Work to complete — Reproduce only this stretch of the listing below: from the line with "4.1. Match outdoor" through the line with "Some of the", exactly as written, with pictures excluded.

Material supplied —
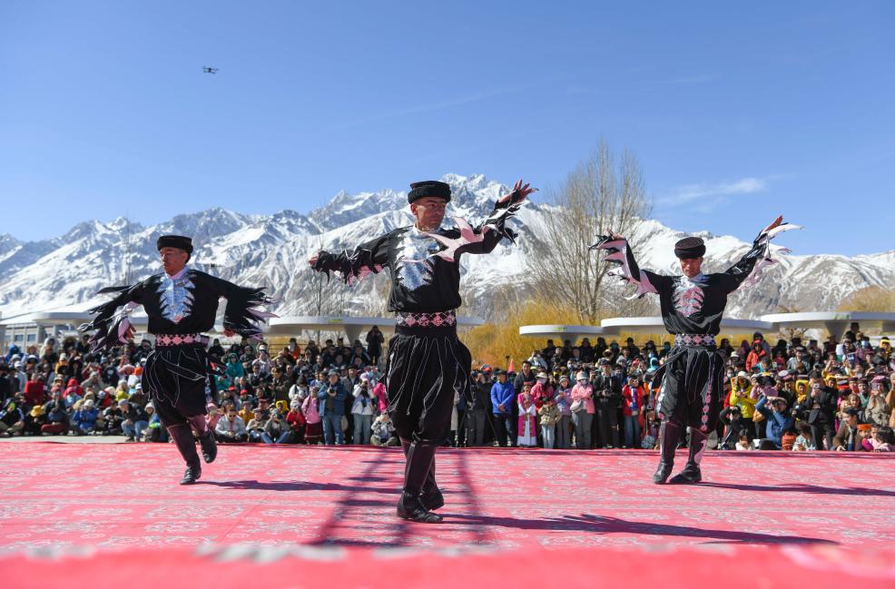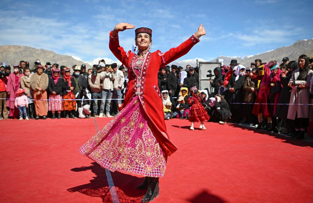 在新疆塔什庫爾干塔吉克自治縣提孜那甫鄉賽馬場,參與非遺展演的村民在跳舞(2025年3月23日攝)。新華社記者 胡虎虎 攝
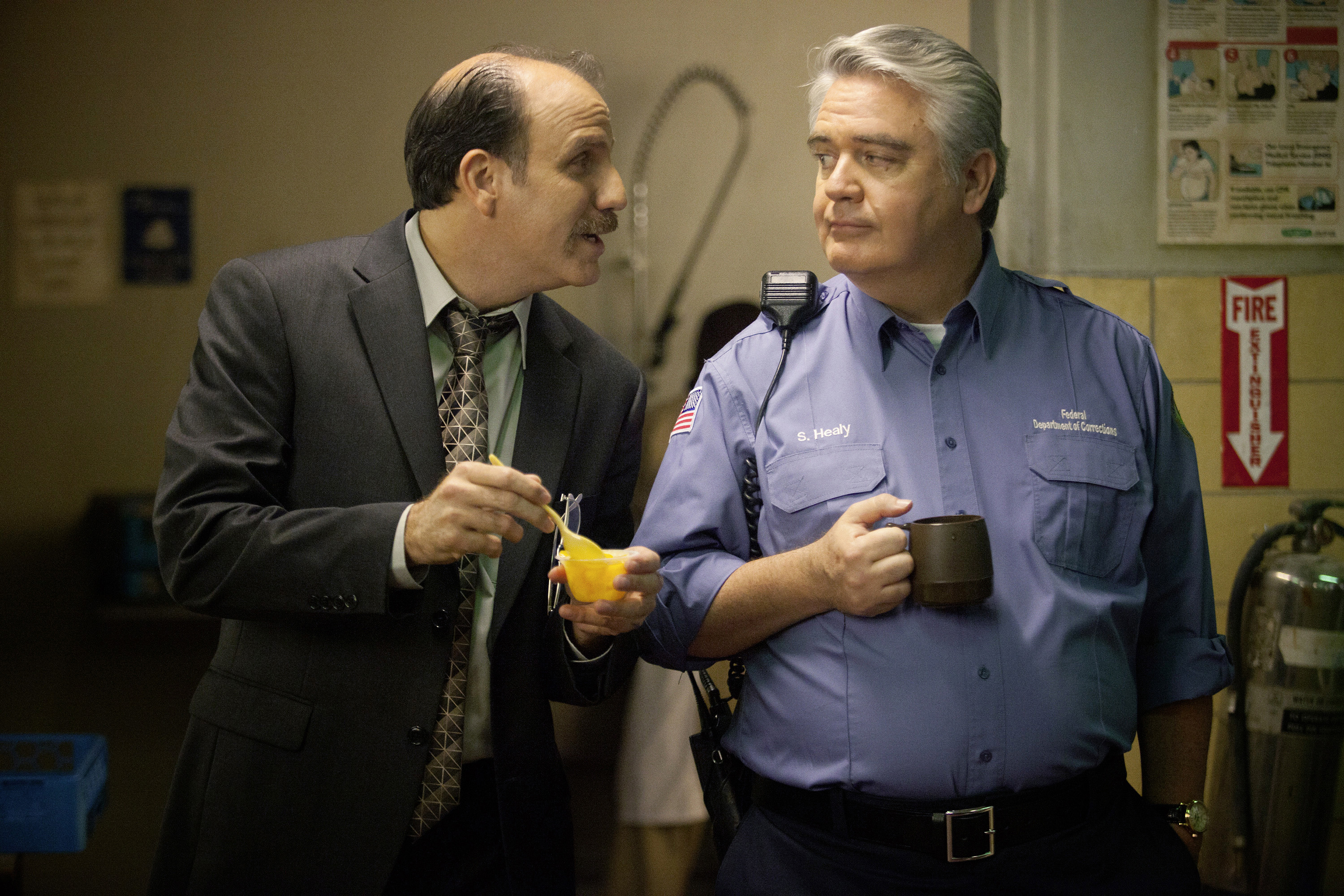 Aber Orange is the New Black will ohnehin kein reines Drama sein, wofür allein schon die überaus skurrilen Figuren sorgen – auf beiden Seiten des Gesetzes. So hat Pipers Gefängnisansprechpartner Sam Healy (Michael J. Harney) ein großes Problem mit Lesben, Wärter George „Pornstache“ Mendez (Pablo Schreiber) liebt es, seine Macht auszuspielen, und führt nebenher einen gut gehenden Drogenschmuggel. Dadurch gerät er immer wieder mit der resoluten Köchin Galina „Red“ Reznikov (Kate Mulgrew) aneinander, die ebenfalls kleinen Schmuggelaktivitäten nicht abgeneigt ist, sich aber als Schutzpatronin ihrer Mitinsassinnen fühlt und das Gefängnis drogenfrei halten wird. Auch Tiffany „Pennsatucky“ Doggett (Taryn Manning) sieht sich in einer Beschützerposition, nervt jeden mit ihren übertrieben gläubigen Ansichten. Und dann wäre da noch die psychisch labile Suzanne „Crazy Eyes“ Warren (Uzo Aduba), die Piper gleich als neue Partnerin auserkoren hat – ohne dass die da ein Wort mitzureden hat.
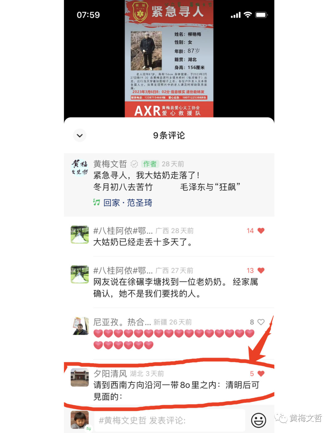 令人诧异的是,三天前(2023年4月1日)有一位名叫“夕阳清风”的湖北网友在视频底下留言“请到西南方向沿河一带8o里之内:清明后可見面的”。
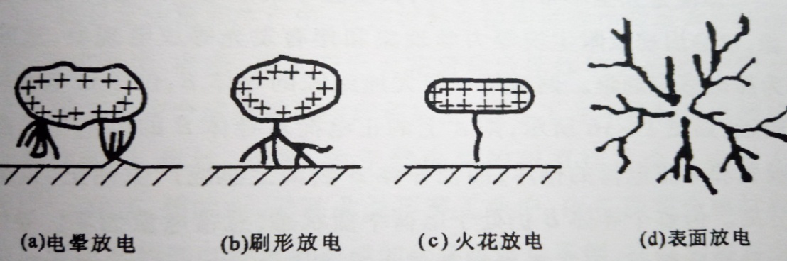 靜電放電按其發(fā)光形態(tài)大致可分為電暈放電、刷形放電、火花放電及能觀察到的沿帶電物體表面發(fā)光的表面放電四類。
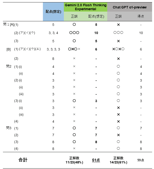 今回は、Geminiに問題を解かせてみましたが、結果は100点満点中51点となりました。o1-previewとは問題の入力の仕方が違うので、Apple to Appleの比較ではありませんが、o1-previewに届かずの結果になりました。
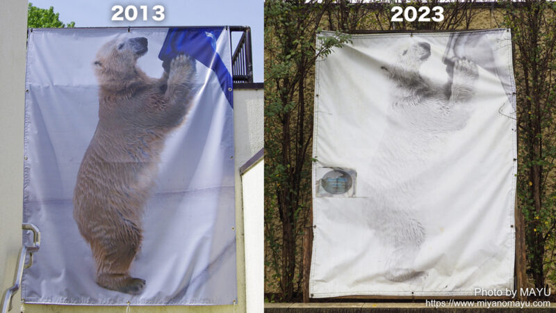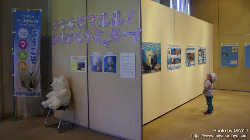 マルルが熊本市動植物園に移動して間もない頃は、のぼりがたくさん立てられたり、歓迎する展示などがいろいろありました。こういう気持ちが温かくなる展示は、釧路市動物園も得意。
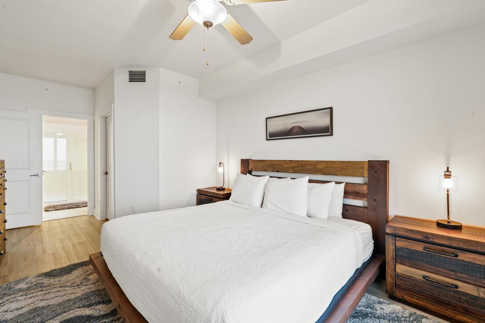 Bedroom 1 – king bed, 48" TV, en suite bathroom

---

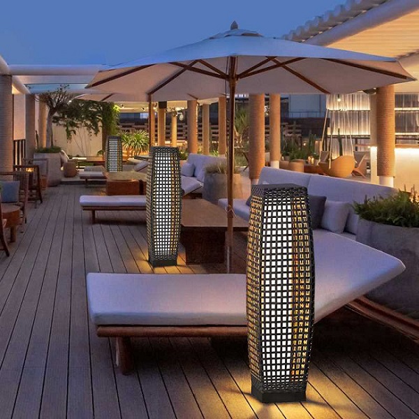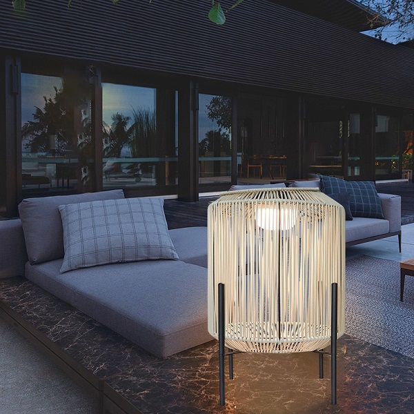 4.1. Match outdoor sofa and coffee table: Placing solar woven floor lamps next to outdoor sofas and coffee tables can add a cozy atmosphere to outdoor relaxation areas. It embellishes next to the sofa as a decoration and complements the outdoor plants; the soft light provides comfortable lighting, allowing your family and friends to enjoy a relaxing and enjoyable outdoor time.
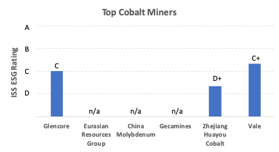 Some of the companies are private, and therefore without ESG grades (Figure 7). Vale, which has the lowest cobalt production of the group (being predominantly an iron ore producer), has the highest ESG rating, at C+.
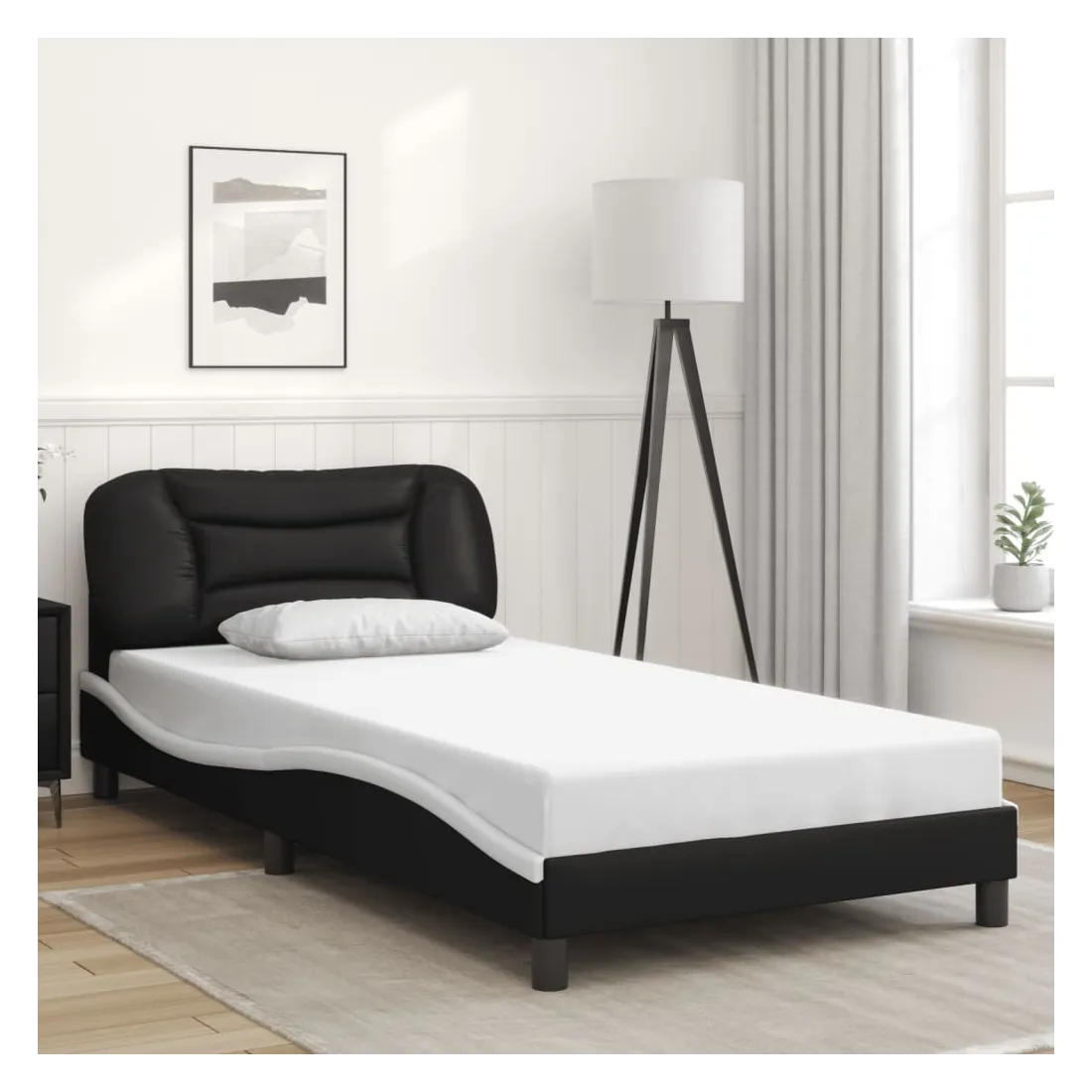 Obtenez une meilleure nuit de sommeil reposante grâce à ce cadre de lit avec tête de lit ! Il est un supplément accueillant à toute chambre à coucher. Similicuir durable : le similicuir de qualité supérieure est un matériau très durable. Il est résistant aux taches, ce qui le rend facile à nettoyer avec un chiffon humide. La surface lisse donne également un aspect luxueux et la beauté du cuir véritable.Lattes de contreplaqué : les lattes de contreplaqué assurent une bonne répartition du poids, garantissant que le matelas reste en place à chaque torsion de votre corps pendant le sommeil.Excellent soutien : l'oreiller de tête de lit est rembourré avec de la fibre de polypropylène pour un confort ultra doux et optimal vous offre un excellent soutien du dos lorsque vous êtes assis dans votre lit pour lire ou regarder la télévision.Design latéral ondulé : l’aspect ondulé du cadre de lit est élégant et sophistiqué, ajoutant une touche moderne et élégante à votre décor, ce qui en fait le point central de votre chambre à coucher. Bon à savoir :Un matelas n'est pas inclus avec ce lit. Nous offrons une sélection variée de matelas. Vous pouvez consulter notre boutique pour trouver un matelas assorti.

Exercise answer —
 4.1. Match outdoor sofa and coffee table: Placing solar woven floor lamps next to outdoor sofas and coffee tables can add a cozy atmosphere to outdoor relaxation areas. It embellishes next to the sofa as a decoration and complements the outdoor plants; the soft light provides comfortable lighting, allowing your family and friends to enjoy a relaxing and enjoyable outdoor time.
 Some of the companies are private, and therefore without ESG grades (Figure 7). Vale, which has the lowest cobalt production of the group (being predominantly an iron ore producer), has the highest ESG rating, at C+.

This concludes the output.